What eventually brought home to me the truth of the hypocrisy was when I finally made a friend. The area in which we lived was strange in that this new development of expensive homes was being built right atop one of the poorest streets in northeastern Indianapolis: one small street made up almost entirely of black people. A sweet girl named Sara, seeing how poorly I was being treated and taking pity on me, became my friend. She was black, she was poor, and she understood how I felt. For ten years she had lived this life of hatred and abuse for no reason other than she was black.

I was so excited to tell my family about my new friend and ask them if I could have her over to play the next day. I couldn’t wait! Finally, I would have someone I could show my room, my Basset Hound puppy, and my very own private princess phone to. I never thought to mention that she was black; she was just my friend.

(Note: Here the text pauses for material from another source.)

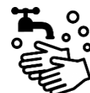
石けんによる 手洗い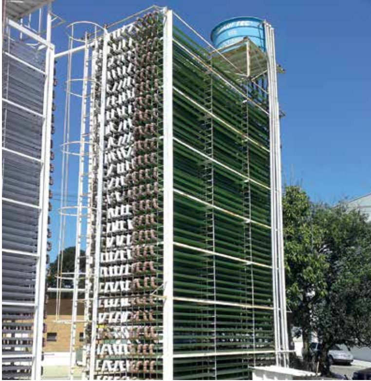
Fotobiorreator da UFPR usado para o cultivo de microalgas e a produção de biomassa

cionais. “Pretendo apresentar os resultados em novembro para as empresas que nos fornecem os resíduos da exploração de petróleo”, diz.

To this day I remember the expression on my mother’s face when she saw her. Although she was pleasant to her—my mother was always a lady—I sensed that something was very wrong here. Being ten, though, I ignored it and had a wonderful time with Sara and couldn’t wait to go visit her home the next day and then, maybe if I was allowed, have her spend the night that weekend.

That night, when my father got home, my parents sat me down and gave me the news. I could never bring my friend home again, nor could I spend time with her at school. My parents explained that it was bad enough that we were Jews, which meant we could not join the country club that was part of these estates, I couldn’t go to the private school that most of the other children attended, and I would not be invited to birthday parties or any other events, but being considered someone who befriended black people would cause us to be persecuted and possibly driven out of the area. Their point was brought home to me that night when a dead rat with a note proclaiming “Nigger loving Kikes don’t deserve to live” was found on our front porch.

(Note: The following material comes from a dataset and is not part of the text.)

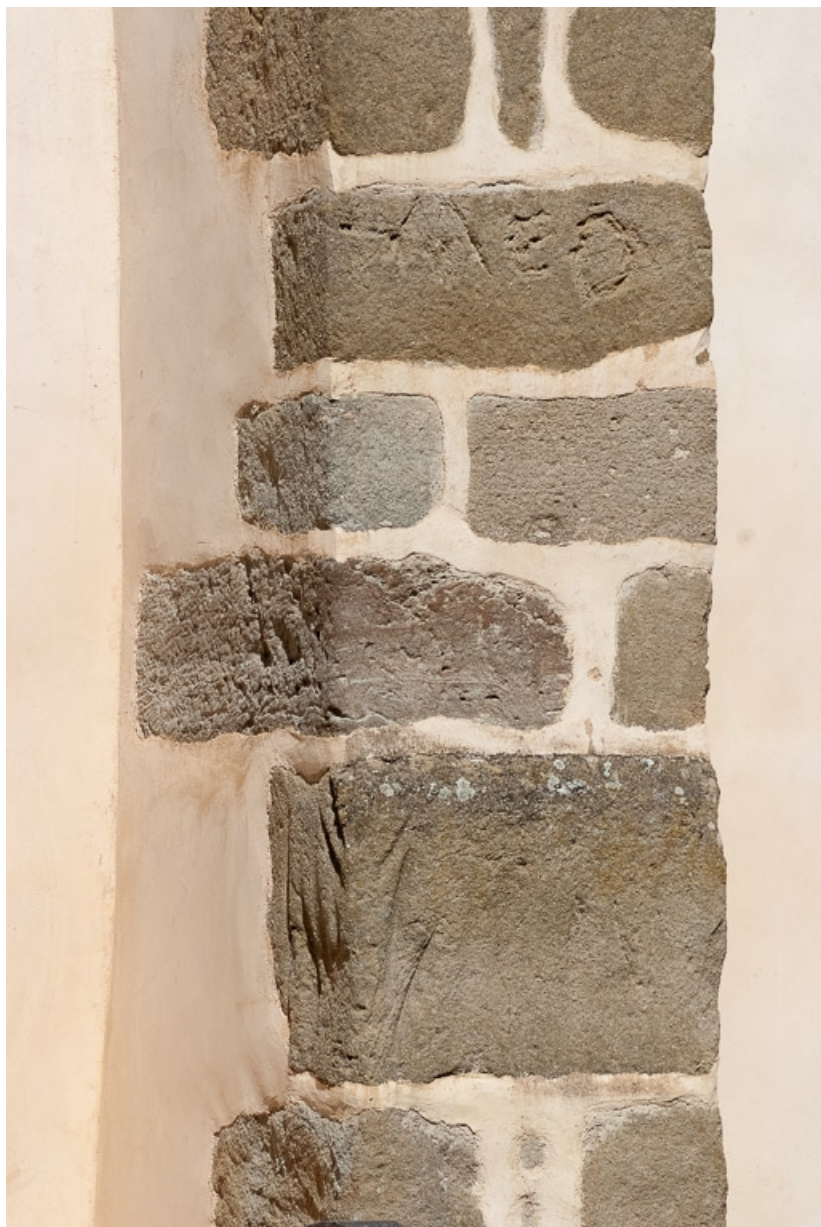
Contrefort de la nef, détail de marques dans la pierre.

71, Dezize-lès-Maranges place Etienne-Saveron

Here it is, 2020, and nothing has changed. We’ve learned little from the atrocities of the second World War, of the riots of the 60s, from what happened to Rodney King, from slavery, from the multiple deaths of black, gay, lesbian, and trans people, and from all the injustices that haunt our world. We have an opportunity now to make this world and our country better, cleaner, more loving. Are we going to waste it again and pretend that these injustices aren’t happening or are we going to take back our responsibility and our power and fight for a just America? One small way you can do that is to VOTE. Vote not just for president, but for honest, compassionate, smart people in every branch of the government. Hold accountable those that do harm and raise up those that fight for right. It’s our turn to create a country based on freedom for all. Let’s all do our part.